▸ Data excerpts:

____

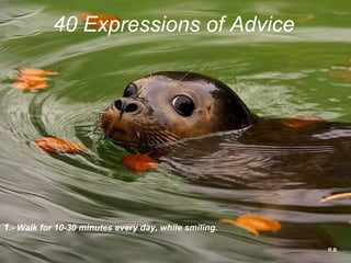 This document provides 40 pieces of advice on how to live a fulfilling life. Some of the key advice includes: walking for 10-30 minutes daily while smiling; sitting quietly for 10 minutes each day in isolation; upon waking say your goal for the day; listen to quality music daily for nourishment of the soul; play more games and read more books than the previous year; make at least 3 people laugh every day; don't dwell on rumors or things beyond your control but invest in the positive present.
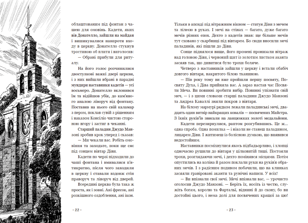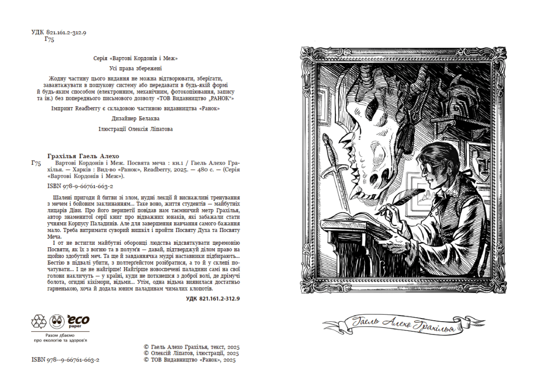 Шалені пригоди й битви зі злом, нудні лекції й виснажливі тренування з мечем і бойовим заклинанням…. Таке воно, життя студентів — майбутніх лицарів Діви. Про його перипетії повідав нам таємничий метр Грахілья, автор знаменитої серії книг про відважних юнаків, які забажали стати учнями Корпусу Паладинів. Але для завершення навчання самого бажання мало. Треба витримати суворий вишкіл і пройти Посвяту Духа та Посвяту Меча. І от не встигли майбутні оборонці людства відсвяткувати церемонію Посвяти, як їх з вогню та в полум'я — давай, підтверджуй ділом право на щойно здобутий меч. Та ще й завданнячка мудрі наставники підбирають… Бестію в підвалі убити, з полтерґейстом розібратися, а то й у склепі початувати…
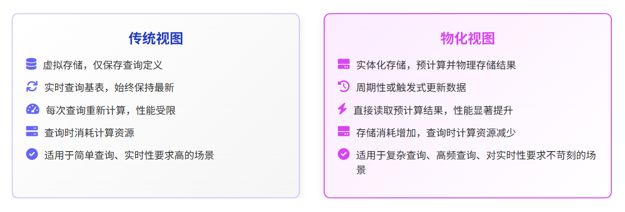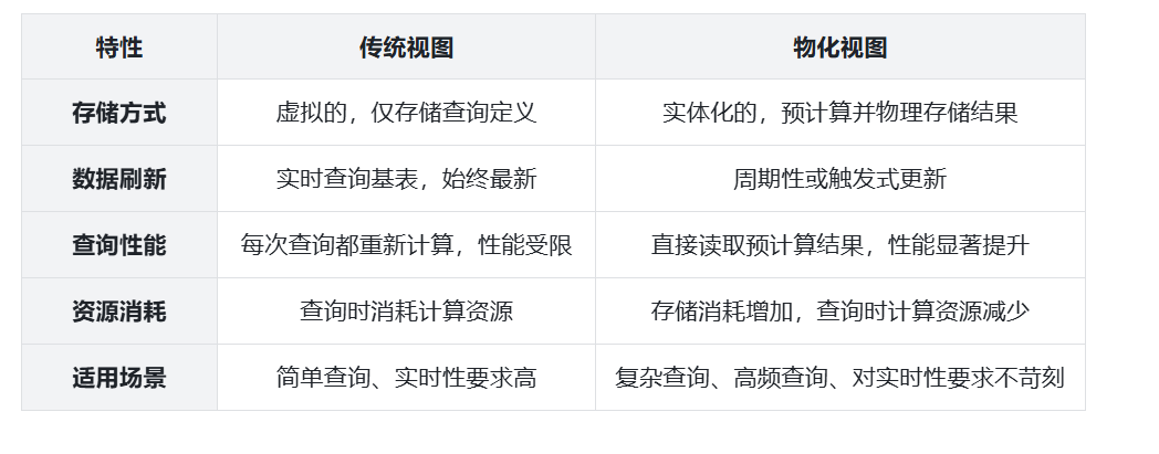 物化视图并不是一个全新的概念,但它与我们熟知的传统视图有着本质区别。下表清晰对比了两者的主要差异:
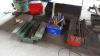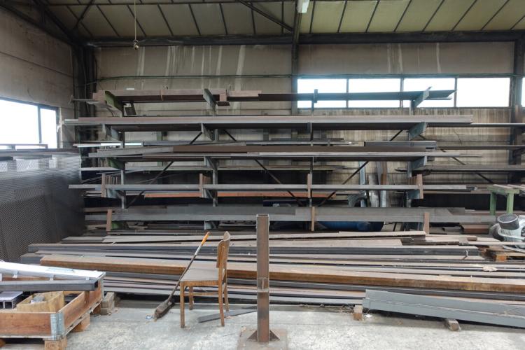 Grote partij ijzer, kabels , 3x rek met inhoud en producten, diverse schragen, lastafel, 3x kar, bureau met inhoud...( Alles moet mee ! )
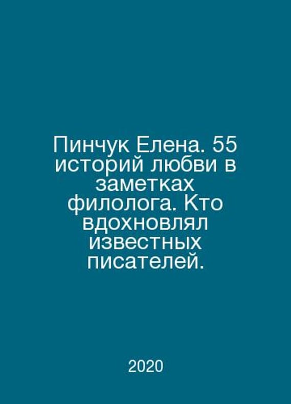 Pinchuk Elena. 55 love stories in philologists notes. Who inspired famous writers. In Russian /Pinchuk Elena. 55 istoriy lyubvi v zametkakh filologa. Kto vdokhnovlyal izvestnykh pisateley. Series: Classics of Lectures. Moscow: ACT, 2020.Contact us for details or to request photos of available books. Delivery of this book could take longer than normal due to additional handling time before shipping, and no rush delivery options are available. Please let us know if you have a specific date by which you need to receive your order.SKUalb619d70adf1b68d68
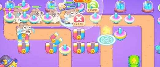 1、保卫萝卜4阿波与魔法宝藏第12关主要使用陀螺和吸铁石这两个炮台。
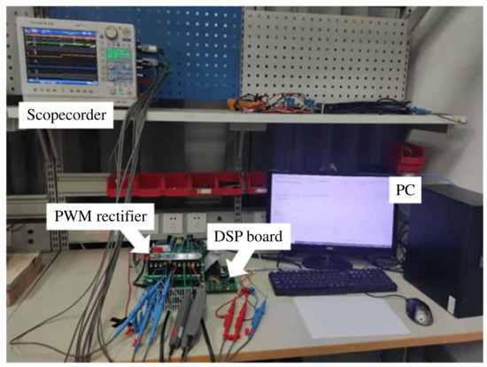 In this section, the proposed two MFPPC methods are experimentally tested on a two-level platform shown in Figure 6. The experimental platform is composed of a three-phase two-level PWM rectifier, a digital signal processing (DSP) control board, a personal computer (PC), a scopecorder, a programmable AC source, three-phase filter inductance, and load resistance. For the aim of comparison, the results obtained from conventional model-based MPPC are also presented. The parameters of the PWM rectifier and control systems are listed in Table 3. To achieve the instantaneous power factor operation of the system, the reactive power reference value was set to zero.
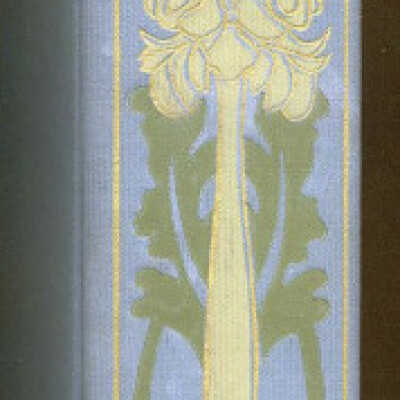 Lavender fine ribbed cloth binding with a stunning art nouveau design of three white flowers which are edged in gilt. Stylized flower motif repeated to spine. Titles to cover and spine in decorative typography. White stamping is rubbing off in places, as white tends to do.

____

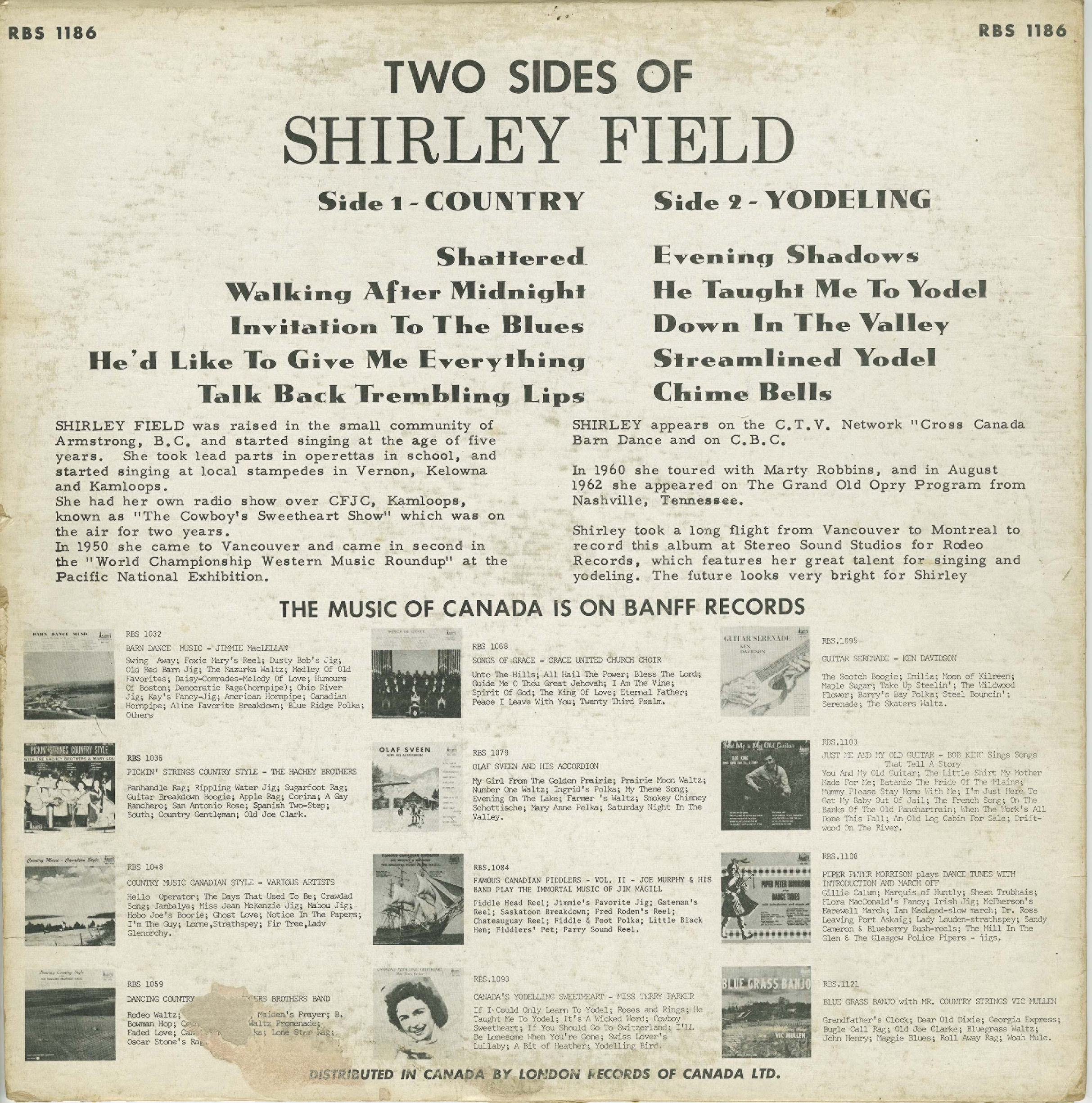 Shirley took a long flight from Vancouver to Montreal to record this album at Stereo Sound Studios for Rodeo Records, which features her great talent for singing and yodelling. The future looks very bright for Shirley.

____

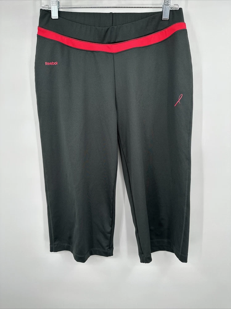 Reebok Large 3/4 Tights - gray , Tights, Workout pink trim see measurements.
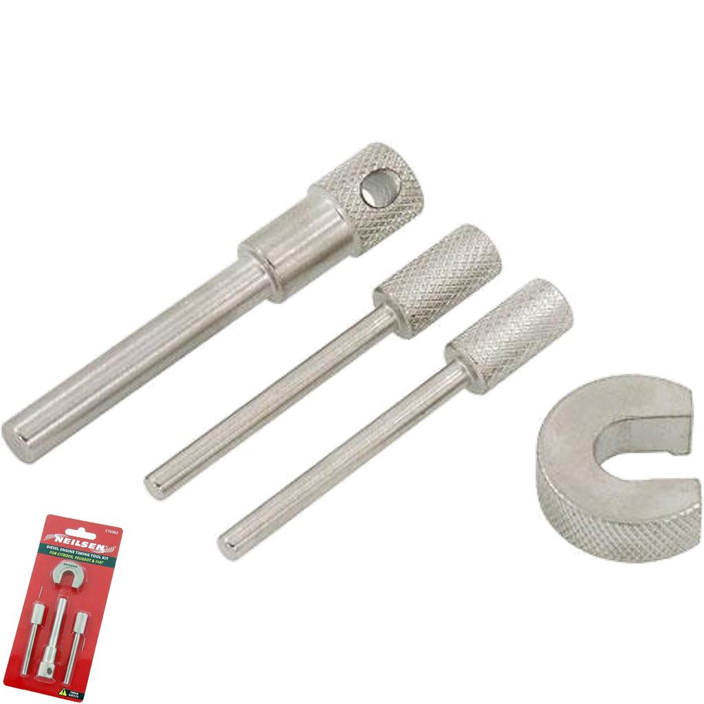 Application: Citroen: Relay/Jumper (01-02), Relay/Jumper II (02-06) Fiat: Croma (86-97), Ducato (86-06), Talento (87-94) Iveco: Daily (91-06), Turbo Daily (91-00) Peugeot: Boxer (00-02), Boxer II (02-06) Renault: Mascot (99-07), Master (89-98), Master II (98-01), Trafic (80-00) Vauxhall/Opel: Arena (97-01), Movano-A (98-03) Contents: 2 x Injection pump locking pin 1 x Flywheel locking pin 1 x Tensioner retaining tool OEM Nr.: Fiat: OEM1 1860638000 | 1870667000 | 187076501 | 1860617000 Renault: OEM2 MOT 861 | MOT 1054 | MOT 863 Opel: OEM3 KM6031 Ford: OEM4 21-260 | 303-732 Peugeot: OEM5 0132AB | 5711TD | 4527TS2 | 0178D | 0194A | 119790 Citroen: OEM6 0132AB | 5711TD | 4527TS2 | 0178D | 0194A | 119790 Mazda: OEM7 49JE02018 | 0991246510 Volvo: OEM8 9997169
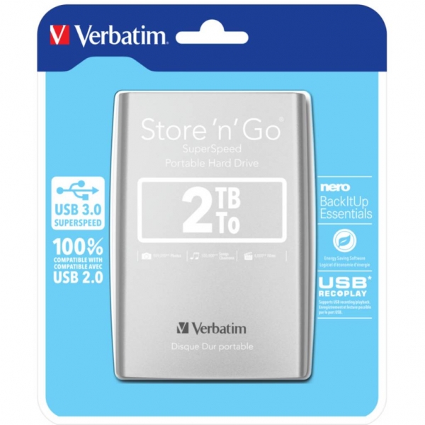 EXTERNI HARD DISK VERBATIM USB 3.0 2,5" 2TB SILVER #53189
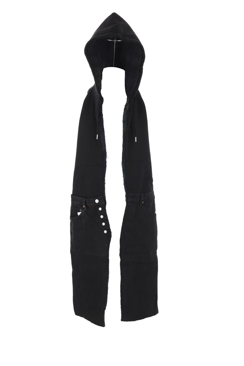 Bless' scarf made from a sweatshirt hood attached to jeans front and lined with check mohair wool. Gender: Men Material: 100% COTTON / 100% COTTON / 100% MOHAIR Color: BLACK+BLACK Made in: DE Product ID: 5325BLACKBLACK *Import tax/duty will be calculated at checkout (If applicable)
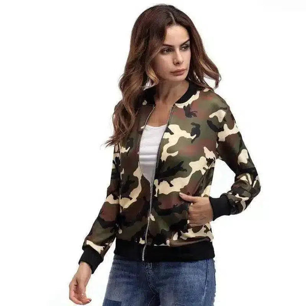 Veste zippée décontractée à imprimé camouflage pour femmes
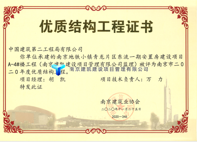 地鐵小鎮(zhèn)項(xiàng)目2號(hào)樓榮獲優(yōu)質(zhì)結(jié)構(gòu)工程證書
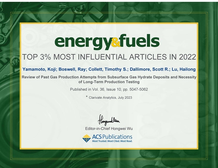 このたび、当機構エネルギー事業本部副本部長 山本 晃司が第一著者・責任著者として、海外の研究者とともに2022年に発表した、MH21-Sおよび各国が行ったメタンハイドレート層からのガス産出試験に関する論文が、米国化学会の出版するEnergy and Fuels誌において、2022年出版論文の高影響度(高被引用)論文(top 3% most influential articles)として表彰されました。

____

▸ Task: Though the entries above contain pictures, none should be copied; reproduce only the lines between the one holding "1、保卫萝卜4阿波与魔法宝藏第12关主要使用陀螺和吸铁石这两个炮台。" and the one holding "Lavender fine ribbed", inclusive, exactly as written.

▸ Solution to this problem:
 1、保卫萝卜4阿波与魔法宝藏第12关主要使用陀螺和吸铁石这两个炮台。
 In this section, the proposed two MFPPC methods are experimentally tested on a two-level platform shown in Figure 6. The experimental platform is composed of a three-phase two-level PWM rectifier, a digital signal processing (DSP) control board, a personal computer (PC), a scopecorder, a programmable AC source, three-phase filter inductance, and load resistance. For the aim of comparison, the results obtained from conventional model-based MPPC are also presented. The parameters of the PWM rectifier and control systems are listed in Table 3. To achieve the instantaneous power factor operation of the system, the reactive power reference value was set to zero.
 Lavender fine ribbed cloth binding with a stunning art nouveau design of three white flowers which are edged in gilt. Stylized flower motif repeated to spine. Titles to cover and spine in decorative typography. White stamping is rubbing off in places, as white tends to do.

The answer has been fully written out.